言われたとおり、ほんの少し高くなってるとこを、ぴょんってまたぐ。

そのまま、そっとあっとくんを見上げた――

その時。

ぱっと。

あっとくんの頭の上に、「1000」って、光る数字が浮かんだ。

tg っっ!?

思わず、立ち止まりそうになった。

tg(え、なに…いまの…)

まちがいじゃない。

はっきり、ちゃんと、見た。

でも、次の瞬間には、何もなかったみたいに、

いつもの「0」に戻ってた。

tg(え?)

頭が、ふわって真っ白になる。

あっとくんの数字は、いつだって「0」で。

誰にでも、すごく優しいのに、距離は絶対詰めない感じで。

クールで、かっこよくて、

なのに――

今、たしかに、俺には見えた。

at ちぐ?

名前を呼ばれて、はっとする。

tg っ!な、なに?

at どうしたの。
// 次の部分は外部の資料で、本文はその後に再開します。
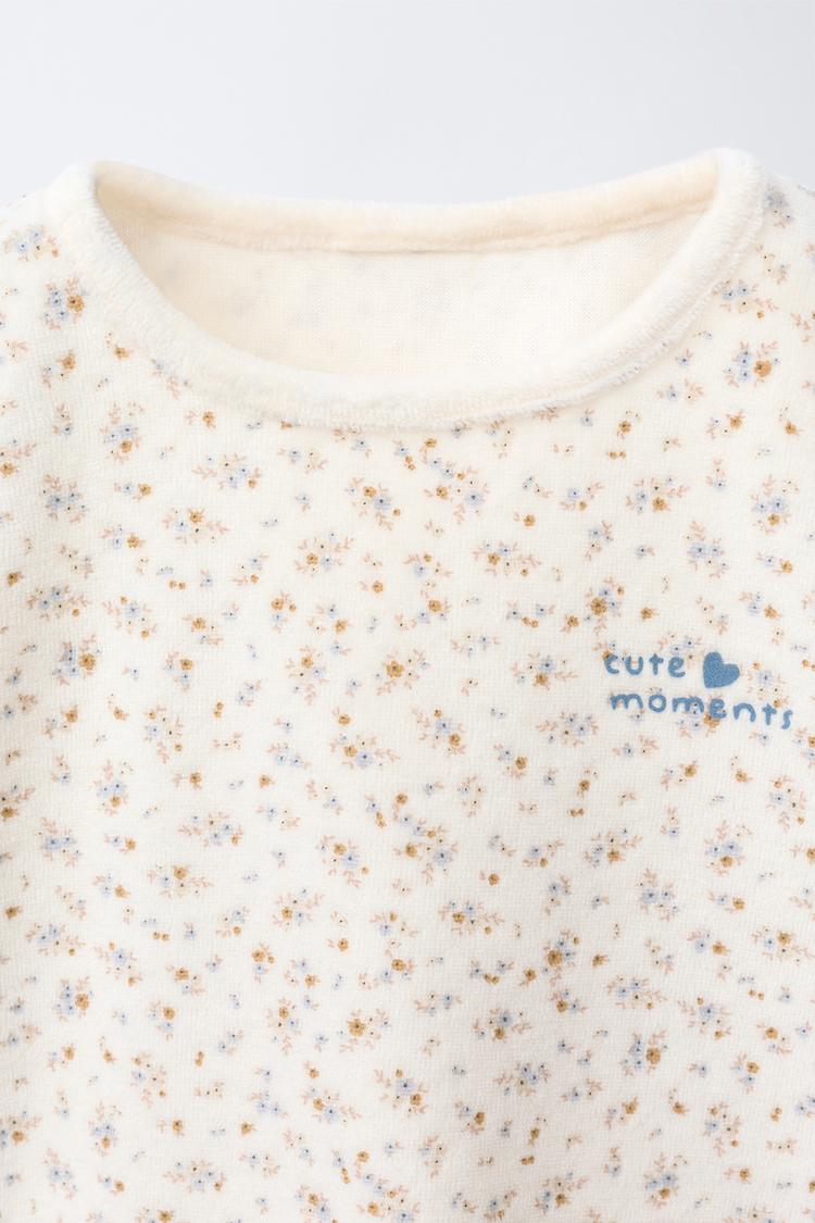 ZARA ВЕЛЮРОВАЯ ПИЖАМА С ЦВЕТАМИ, ЭКРЮ
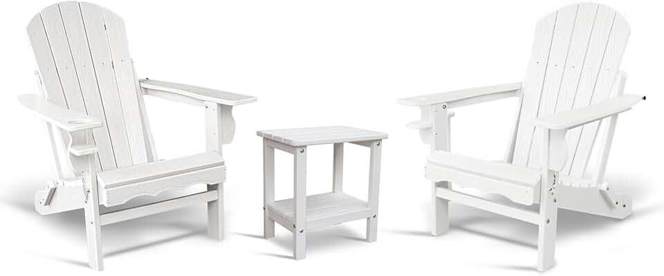 Folding Adirondack Chairs, Plastic HDPE Adirondack Chairs with Side Table, Modern Adirondack Chairs Weather Resistant, Widely Used in Patio, Front Porch, Deck, Garden, Fire Pit White

ぼーっとしてた

優しい声。

それに触れたくて、でも触れちゃいけない気がして、

ぎゅって手を握りしめた。

tg な、なんでもない!

ぎこちなく笑った俺に、

あっとくんはちょっとだけ眉をひそめて、でも何も言わなかった。

at ちゃんと前見て歩けよ転ぶぞ

それだけ言って、

またふつうに歩き出す。

俺は慌てて、そのあとを追いかけた。

tg (……1000って、なに?)

ぐるぐるぐるぐる、

考えが止まらない。

tg(俺のせい、なの?)

胸の奥が、ざわざわする。

改札が近づいて、

もうすぐこの時間も終わっちゃうってわかってるのに、

なんにも言えなかった。

あっとくんの隣にいるのが、

こんなに嬉しくて、こんなに苦しいなんて、知らなかった。

tg(……ずるいよ、あっとくん……)

俺ばっかり、

こんなに苦しくなってる。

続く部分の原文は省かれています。